Want to know whether a stock will rise on its earnings results? Goldman Sachs says the shares' performance going into the event could provide a valuable clue.
After performing a long-term study of pre- and post-earnings behavior, Goldman's options team found that "stocks that underperformed in the two weeks ahead of the event tended to have stronger positive reactions on earnings day."
More generally, the investment bank noticed that stocks tend to rise after reporting earnings, which means that a basic options strategy of buying calls on all stocks set to report works well.
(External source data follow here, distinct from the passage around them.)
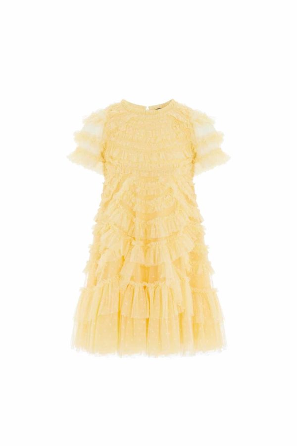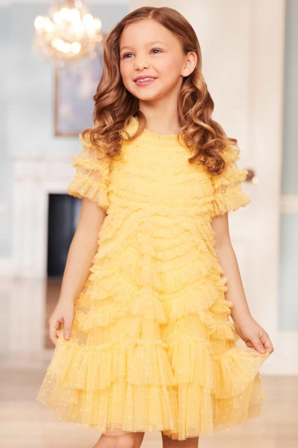The Marilla Ruffle KIDS Dress in Lemon. Beautifully designed with frothy tulle and interlocking scallop shapes to create a playful texture. This pretty style features elegant short sleeves,a round neckline and a full skirt. The perfect statement style for your little one.
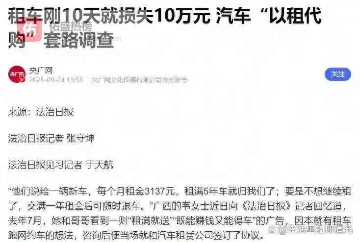 自2024年起,全国各地频现网约车退车难题,以及高额拖车费用的争议事件,此类新闻屡见不鲜。这些问题的背后,几乎无一例外地与“以租代购”的模式密切相关。
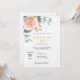 Un arrière - plan blanc chic. Décoré d'or rose et de fleurs roses rousses, de fleurs roses et de feuilles d'eucalyptus vert aquarellés, de sprigs, de verdure et d'une fausse feuille d'or. Personnalisez et ajoutez vos noms et les détails du mariage. Lettres noires et dorées.
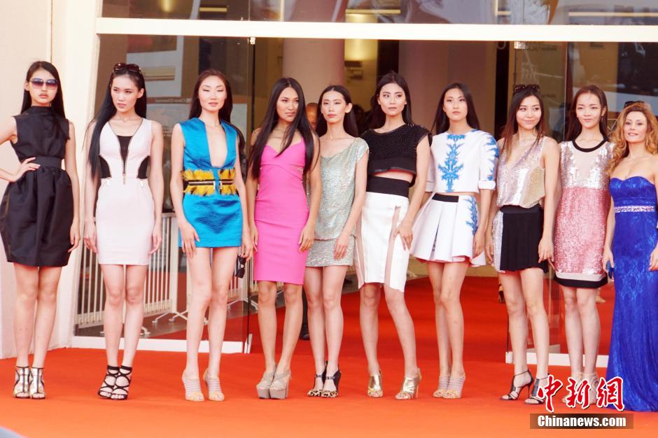 On the afternoon of Sept. 2, Chinese models taking part in a reality show hit the red carpet of the Venice International Film Festival in Venice, Italy. The show - Loren Models - is made by GuangxiTV. (CNS/Luo Wengang)

But selecting only those names that have tumbled into their big day is an even better play.
"On average, call buying on stocks that underperformed ahead of earnings profited 18 percent, which was 4 percent greater than without the filter," strategists Katherine Fogertey and John Marshall wrote in a Wednesday report.
What explains the trend?
Goldman posits that on the whole, "investors reduce stock positions ahead of an event to avoid risk, and reinvest in the stock when the uncertainty of the earnings report is removed."
Along the same lines, "those stocks that underperform the most ahead of earnings may have lower expectations, explaining their stronger positive reaction on earnings," Fogertey and Marshall continue.
Such an explanation makes sense to David Seaburg, head of equity sales trading at Cowen and Co.
"If there was extreme selling in a name and the news is not as bad as expected, there tends to be a very significant snap-back rally," he said Wednesday on CNBC's "Trading Nation." "Downside sell-offs [and] massive pressure because of fear can really dislocate a name."
And while Seaburg wouldn't pursue a pre-earnings call-buying strategy per se, he does believe that the market as a whole could be set for a bounce.
"We're coming into an earnings cycle where expectations are already super, super low and compressed," he observed.